Combining “Forms” of Differentiation

The solution to this problem is not to pretend that real world cases are combinations of these types. An ad hoc combination of “ordering principles” (or types) is not an ordering principle (or type). Rather, it underscores the absence of an ordering principle (or type). ABZ’s approach essentializes or reifies types, pretends that a multidimensional whole is a hybrid73 of types, and, because hybrids come in a great variety of forms, tells us little of significance. Consider an analogy. A group of tall people is composed of tall people. A group of short people is composed of short people. A group of tall and short people, however, is not a combination of a group of tall people and a group of short people. It is a group composed of both tall and short people. In any case, ABZ do not in fact combine types of societies. “Segmentary” society cannot combine with the other types of societies because the presence of substantial stratification or functional differentiation makes any resulting society not-“segmentary.” (“The whole notion of segmentary differentiation between states is undermined if they stand in a stratificatory relationship.”74) And, as we saw above, “stratificatory” and “functionally differentiated” societies themselves combine essential elements of the other dimensions of differentiation. In addition, because there are a great variety of ways to be unequal or dissimilar (as well as a great variety of ways in which “secondary” dimensions can be included) such combinations come in a myriad of forms. Rather than imagine simple combinations of simple types of structures, we need to get down to the serious work of determining how a society is segmented, stratified, and functionally differentiated. And then we need to consider how the resulting social positions are arranged into wholes of particular types; the particular forms that (the dimensions of) segmentation, stratification, and functional differentiation take.
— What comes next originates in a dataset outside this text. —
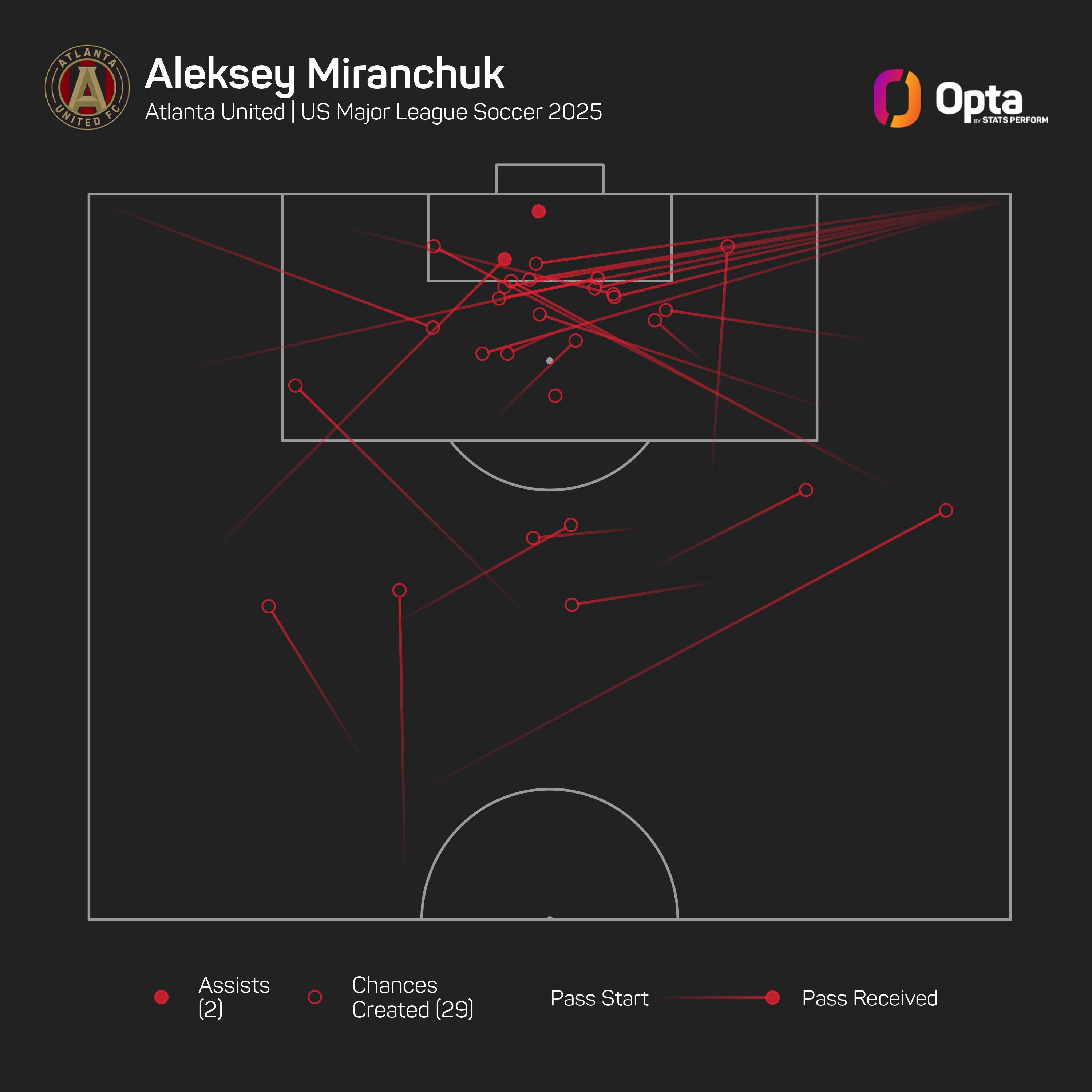 Miranchuk was key to Atlanta's victory over Cincinnati, grabbing his first two assists of the season, which went along with a fine individual display.

For example, it is not very illuminating to say that globalization involves “more” (and “more important”) functional differentiation – both because there are so many different forms that “more” might take and because differently structured combinations of similar components might produce fundamentally different results (“systems 73

Although ABZ do not use the language of hybrids, this seems to me implied by formulations such as “the coexistence and interaction of different types of differentiation” (Albert, Buzan, and Zurn 2013, 22. See also 4) and “the interplay of different forms of differentiation” (Zurn, Buzan, and Albert 2013, 233, Fig. 11.1). And combinations of types, it seems to me, are well described as hybrids. 74 (Zurn, Buzan, and Albert 2013, 234).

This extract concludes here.